= Wirot Nutaphand =

Wirot Nutaphand (Note: Also spelled Nootpand, Nutphand, and Nutphund.) (November 5, 1932 – June 5, 2005 in Bangkok) was a Thai zoologist, herpetologist, naturalist, scientific illustrator, and zoo director. He is regarded as a pioneer in the field of herpetology in Thailand.

==Life and career==
He was born in Bang Khun Phrom, Phra Nakhon province (now Phra Nakhon district, Bangkok), in the house of his grandfather, a nobleman with the rank of Phraya. It was his grandfather who nurtured in him a deep love for nature.

Nutaphand began his education at Chakkam Khanathon School in Lamphun, then attended Bangkok Christian College and Yothinburana School. He later earned a bachelor's degree in painting, sculpture, and printmaking from Silpakorn University. He also served in the Royal Thai Air Force, attaining the rank of Senior Group Captain (Sr Gp Capt). He later studied medical media and audio visual arts at the Faculty of Medicine Siriraj Hospital, Mahidol University, and pursued postgraduate studies in anatomy and histology at the same university.

Driven by a passion for wildlife, he conducted extensive fieldwork and sought out knowledge from various experts. At the time, there was no formal study of reptiles and amphibians in Thailand, so he took it upon himself to specialize in this field. He studied foreign scientific literature and kept over 300 terrariums of amphibians and snakes at home for close observation.

In 1979, he became the first Thai to successfully keep a Fly River turtle (Carettochelys insculpta), a rare and expensive species. At the time, it was said that only five people in the world had one, all from different countries.

In 1983, he co-founded the Pata Zoo, located on the sixth and seventh floors of the Pata Pinklao Department Store in Bangkok. The zoo marked a turning point in Thai zoological practice, being the first in the world to breed the albino Burmese python (Python bivittatus), among other rare animals. His office was located on the sixth floor, where the nocturnal and herpetological exhibits were housed.

Nutaphand was also an educator and public speaker, helping to promote accurate knowledge about reptiles and amphibians, and served as a fellow of the Royal Institute of Thailand in the field of zoology.

In taxonomy, he described many new species of reptiles and amphibians. However, his work is now viewed as scientifically limited due to the lack of reference to up-to-date research and neglect of formal nomenclature codes. As a result, many of the scientific names he proposed are now outdated or considered synonyms of previously described species.

==Taxon described by him==
- Boiga saengsomi Nutaphand, 1985
- Boiga siamensis Nootpand, 1971
- Chitra chitra Nutphand, 1986
- Kaloula aureata Nutphand, 1989
- Varanus salvator komaini Nutphand, 1987

==Eponymous species==
- Craspedocephalus wiroti (Trutnau, 1981)
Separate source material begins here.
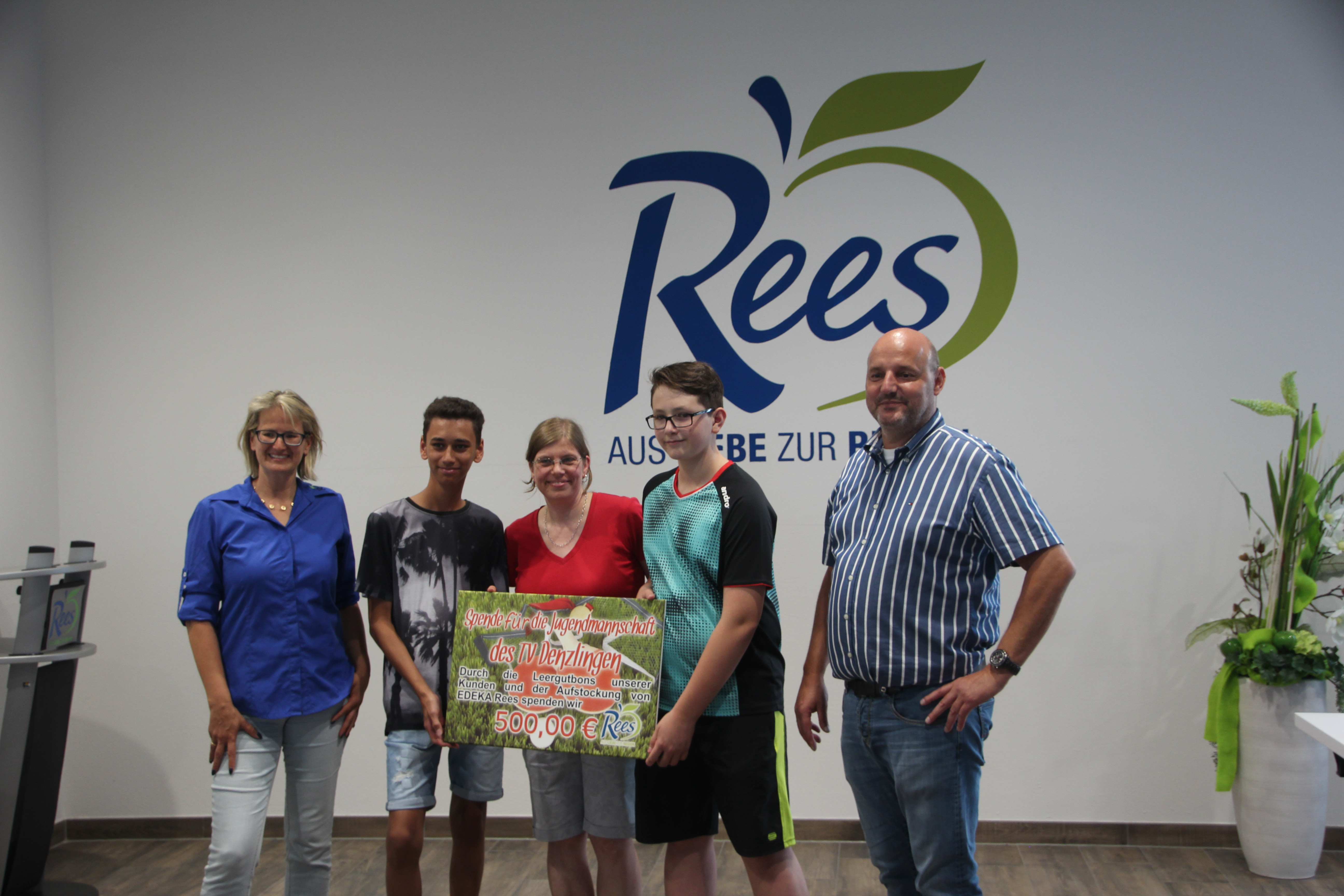 Tischtennis: Lebensmittelmärkte Rees unterstützen Vereine in der Region – Pfandspenden von Kunden und eine Aufstockung der EDEKA-Märkte Rees erbrachten 9000€ und helfen damit acht sozialen Einrichtungen und Vereinen der Region. Darunter mit 500€ auch die Denzlinger Tischtennis Jugendabteilung.

- Gekko nutaphandi Bauer, Sumontha & Pauwels, 2008

- Testudo nutapundi Reimann, 1979

== Publications ==
Books
- Wirot Nutaphand. (1979). The Turtles of Thailand. Siam Farm Zoological Garden, Bangkok, 222 pages.
- Wirot Nutaphand. (2001). Patterns of the Snakes of Thailand. Amarin Printing and Publishing, Bangkok, 319 pages.
- Wirot Nutaphand. (2001). Amphibians of Thailand. Amarin Printing and Publishing, Bangkok, 192 pages.

Scholarly articles
- Wirot Nutaphand, Merel J. Cox, Ludwig Trutnau, Hobart Muir Smith. (1991). The status of the Thai palm viper, Trimeresurus wiroti. In: Bulletin of the Maryland Herpetological Society. Vol. 27, Issue 3, pp. 146–156.
- Wirot Nutaphand, Merel J. Cox, Hobart Muir Smith, David Chiszar. (1991). The Original Description, Type Specimen and Status of the Colubrid Snake Boiga saengsomi Nutphand. In: Bulletin of the Maryland Herpetological Society. Vol. 27, Issue 3, pp. 157–165.
- Olivier Pauwels, Patrick David, Wirot Nutaphand, Chucheep Chimsunchart. (2001). First record of Xenochrophis punctulatus (Günther, 1858) (Serpentes: Colubridae: Natricinae) from Thailand. In: Hamadryad. Vol. 26, Issue 2, pp. 259–264.